- [Data for this exercise]
-*-*-

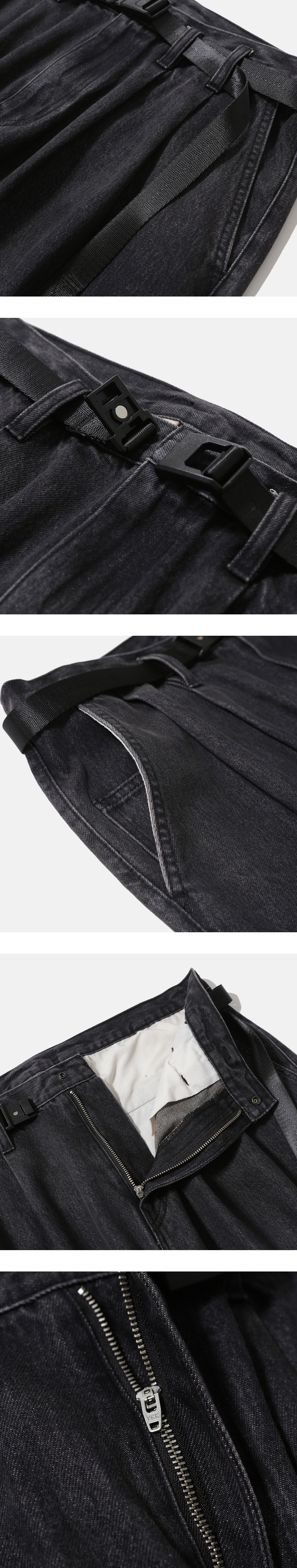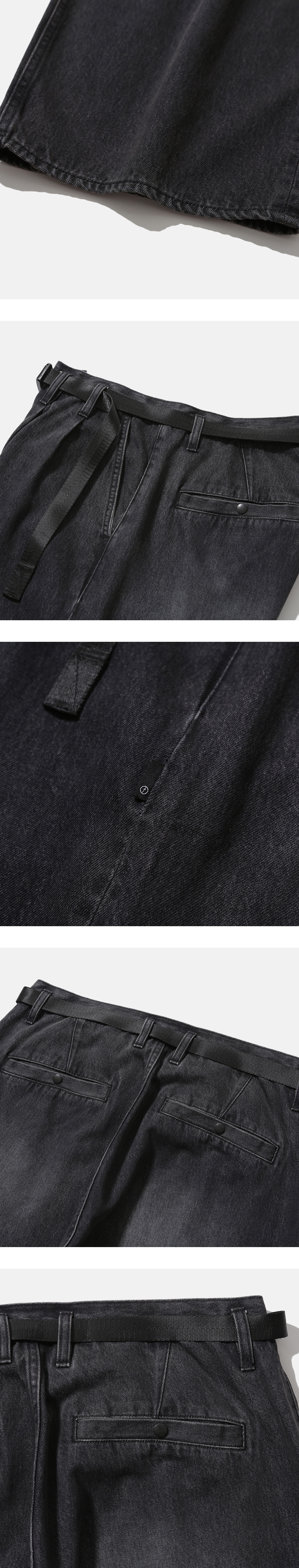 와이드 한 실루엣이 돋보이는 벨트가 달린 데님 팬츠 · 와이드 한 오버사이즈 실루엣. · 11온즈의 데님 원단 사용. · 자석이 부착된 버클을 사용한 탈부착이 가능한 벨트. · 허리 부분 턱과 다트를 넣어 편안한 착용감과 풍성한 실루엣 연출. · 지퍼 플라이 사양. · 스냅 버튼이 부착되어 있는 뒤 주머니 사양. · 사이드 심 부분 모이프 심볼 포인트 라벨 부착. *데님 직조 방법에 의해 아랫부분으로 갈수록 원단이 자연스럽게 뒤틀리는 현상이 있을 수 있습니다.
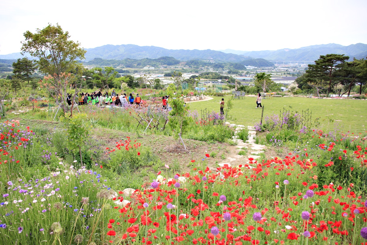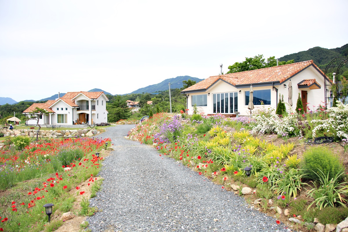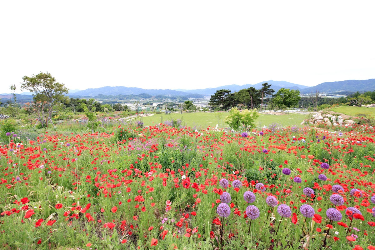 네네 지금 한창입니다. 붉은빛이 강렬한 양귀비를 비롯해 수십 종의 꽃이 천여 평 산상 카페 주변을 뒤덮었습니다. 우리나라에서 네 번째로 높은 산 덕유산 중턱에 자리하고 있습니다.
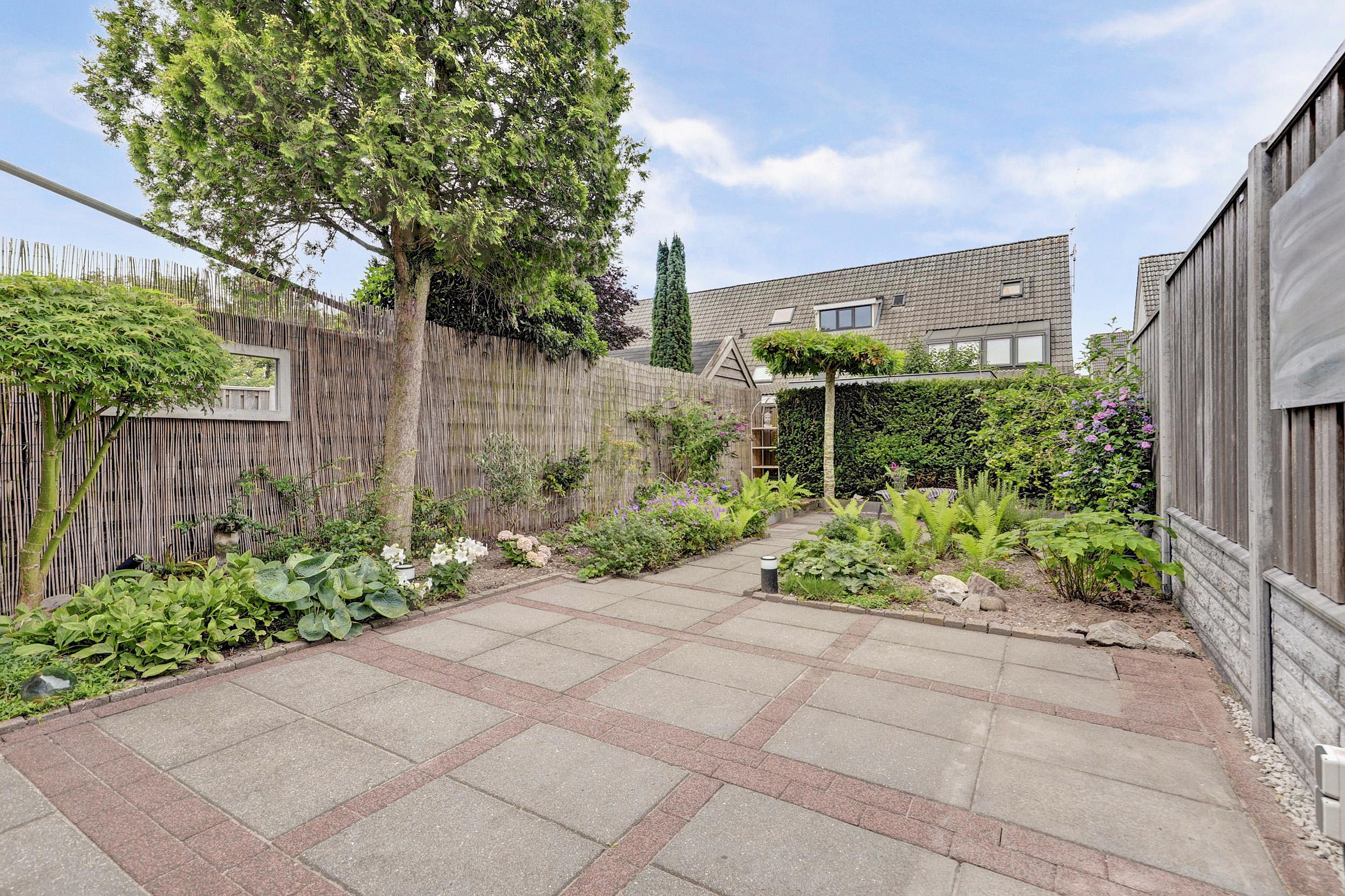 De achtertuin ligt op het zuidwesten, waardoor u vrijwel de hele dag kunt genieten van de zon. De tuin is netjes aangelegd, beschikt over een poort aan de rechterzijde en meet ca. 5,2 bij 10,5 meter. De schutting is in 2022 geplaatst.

-*-*-

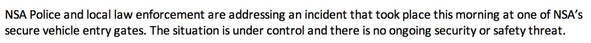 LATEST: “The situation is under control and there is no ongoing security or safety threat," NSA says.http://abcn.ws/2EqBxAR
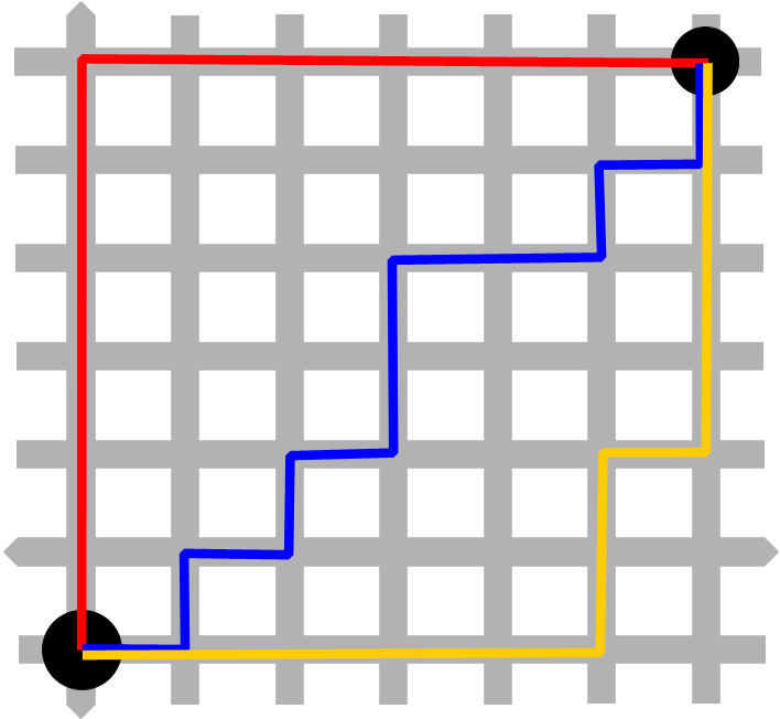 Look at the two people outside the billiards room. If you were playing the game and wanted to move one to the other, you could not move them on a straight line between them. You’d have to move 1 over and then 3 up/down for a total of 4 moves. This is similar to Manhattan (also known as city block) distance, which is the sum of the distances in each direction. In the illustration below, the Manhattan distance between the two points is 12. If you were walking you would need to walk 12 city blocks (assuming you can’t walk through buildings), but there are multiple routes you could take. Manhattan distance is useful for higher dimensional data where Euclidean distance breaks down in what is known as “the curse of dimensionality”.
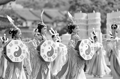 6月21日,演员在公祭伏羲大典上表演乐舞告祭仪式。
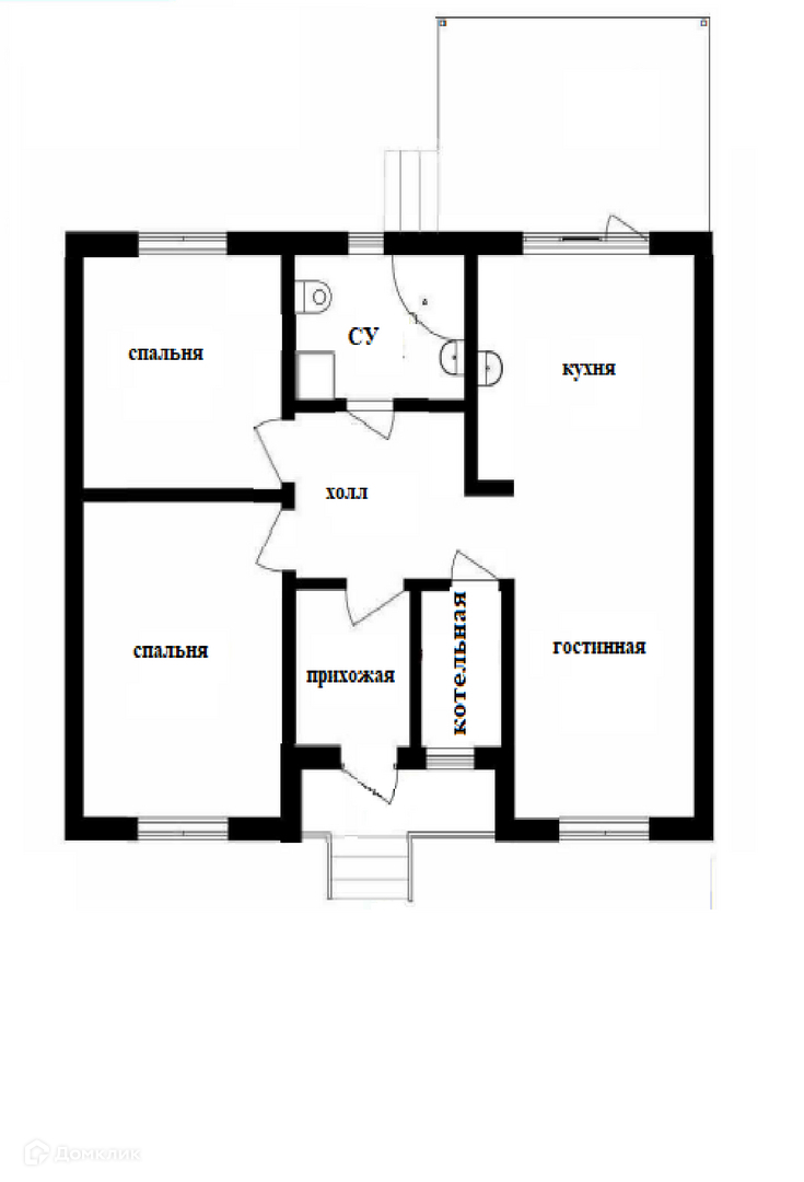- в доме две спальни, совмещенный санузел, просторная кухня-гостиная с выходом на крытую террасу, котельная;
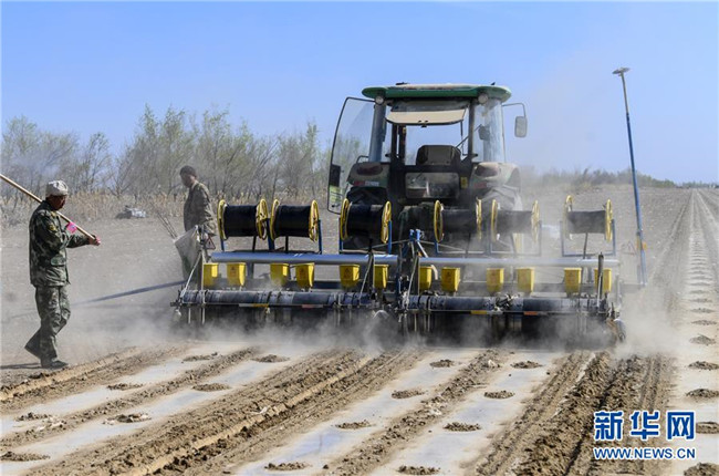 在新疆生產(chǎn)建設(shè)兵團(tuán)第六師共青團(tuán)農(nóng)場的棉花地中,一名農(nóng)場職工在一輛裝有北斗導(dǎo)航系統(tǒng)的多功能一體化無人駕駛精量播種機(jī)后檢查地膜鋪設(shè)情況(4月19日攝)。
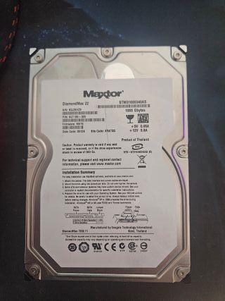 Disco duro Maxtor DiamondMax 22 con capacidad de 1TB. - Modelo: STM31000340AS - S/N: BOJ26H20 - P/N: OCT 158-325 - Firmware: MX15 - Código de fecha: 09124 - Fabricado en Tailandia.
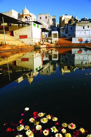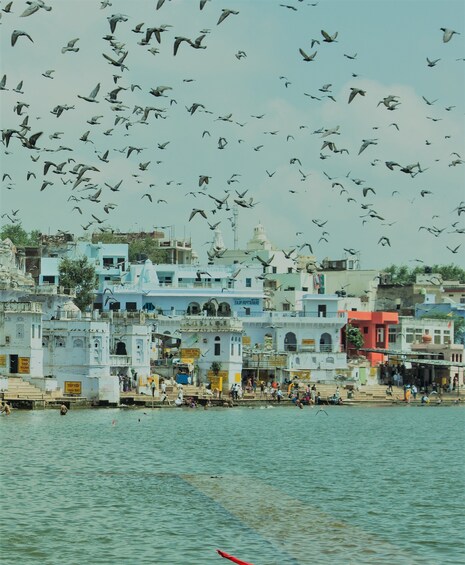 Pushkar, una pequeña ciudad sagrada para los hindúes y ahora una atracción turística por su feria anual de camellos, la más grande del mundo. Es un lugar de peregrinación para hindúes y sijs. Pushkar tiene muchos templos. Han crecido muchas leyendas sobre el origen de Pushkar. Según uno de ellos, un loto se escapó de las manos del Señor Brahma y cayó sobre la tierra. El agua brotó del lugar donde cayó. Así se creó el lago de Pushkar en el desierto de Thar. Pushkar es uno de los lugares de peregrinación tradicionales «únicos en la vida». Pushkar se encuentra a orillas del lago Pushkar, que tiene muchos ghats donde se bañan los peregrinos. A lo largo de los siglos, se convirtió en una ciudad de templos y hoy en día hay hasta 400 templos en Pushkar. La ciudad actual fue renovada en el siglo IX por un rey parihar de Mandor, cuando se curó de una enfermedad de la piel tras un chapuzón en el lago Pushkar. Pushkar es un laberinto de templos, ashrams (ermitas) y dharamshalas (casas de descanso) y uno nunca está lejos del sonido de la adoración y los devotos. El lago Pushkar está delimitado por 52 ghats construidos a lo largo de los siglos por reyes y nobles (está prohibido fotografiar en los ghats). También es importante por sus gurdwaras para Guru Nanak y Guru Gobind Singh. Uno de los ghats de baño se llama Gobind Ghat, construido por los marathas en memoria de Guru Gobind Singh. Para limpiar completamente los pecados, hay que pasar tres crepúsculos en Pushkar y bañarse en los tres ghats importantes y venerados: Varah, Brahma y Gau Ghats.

-*-*-

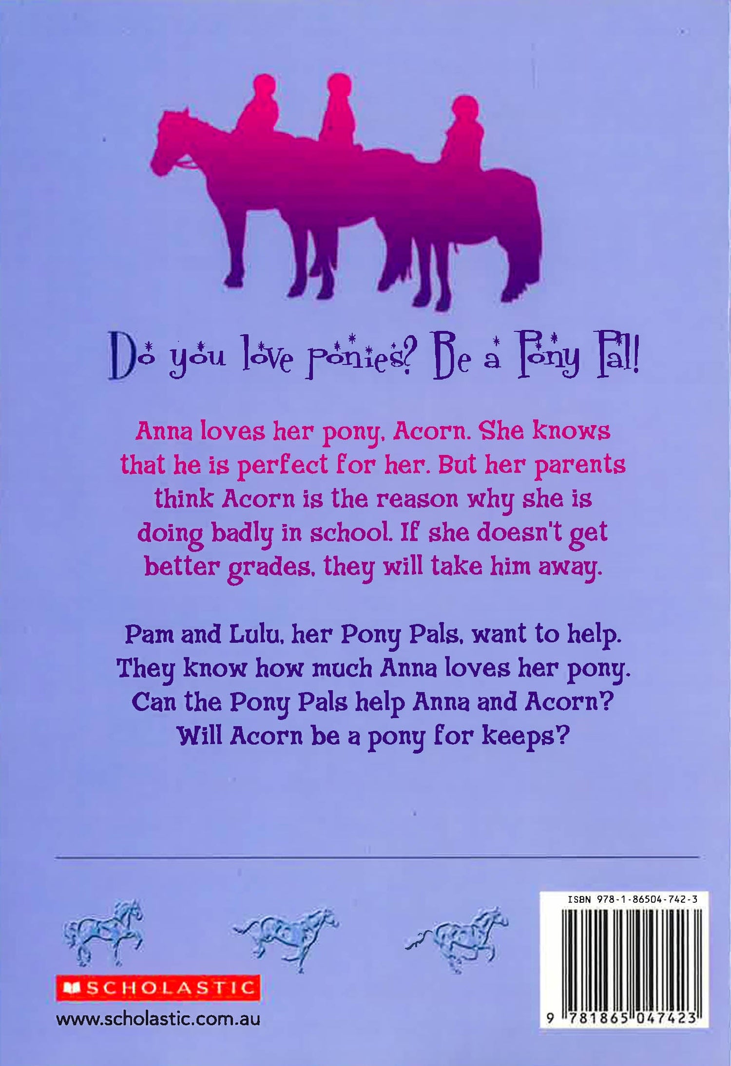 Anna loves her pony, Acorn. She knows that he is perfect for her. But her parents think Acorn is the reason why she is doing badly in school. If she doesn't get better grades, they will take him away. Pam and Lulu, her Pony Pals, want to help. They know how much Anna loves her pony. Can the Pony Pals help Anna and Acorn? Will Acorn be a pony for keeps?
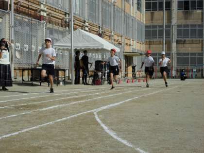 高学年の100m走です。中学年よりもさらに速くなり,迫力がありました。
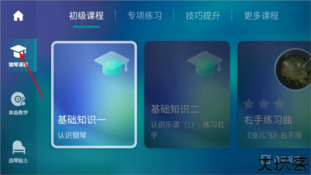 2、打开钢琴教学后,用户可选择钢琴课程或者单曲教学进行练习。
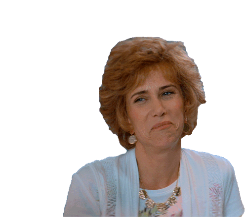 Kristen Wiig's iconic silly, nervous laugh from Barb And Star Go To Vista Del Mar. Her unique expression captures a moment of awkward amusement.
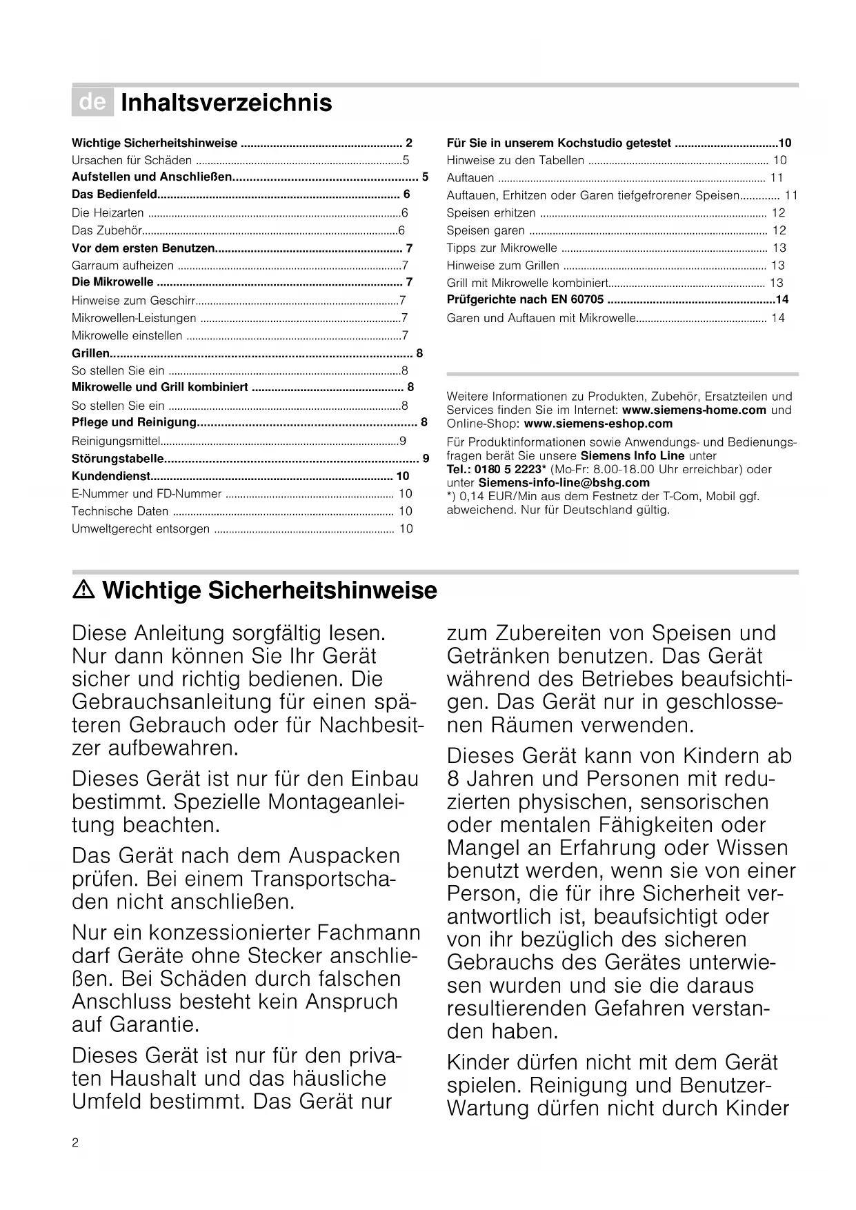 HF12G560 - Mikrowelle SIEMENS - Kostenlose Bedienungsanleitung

-*-*-

- [Problem description] The answer is the lines of the material above, from the one containing "在新疆生產(chǎn)建設(shè)兵團" down to the one containing "Disco duro Maxtor", given exactly and without images.

- [Result for this task]
 在新疆生產(chǎn)建設(shè)兵團(tuán)第六師共青團(tuán)農(nóng)場的棉花地中,一名農(nóng)場職工在一輛裝有北斗導(dǎo)航系統(tǒng)的多功能一體化無人駕駛精量播種機(jī)后檢查地膜鋪設(shè)情況(4月19日攝)。
 Disco duro Maxtor DiamondMax 22 con capacidad de 1TB. - Modelo: STM31000340AS - S/N: BOJ26H20 - P/N: OCT 158-325 - Firmware: MX15 - Código de fecha: 09124 - Fabricado en Tailandia.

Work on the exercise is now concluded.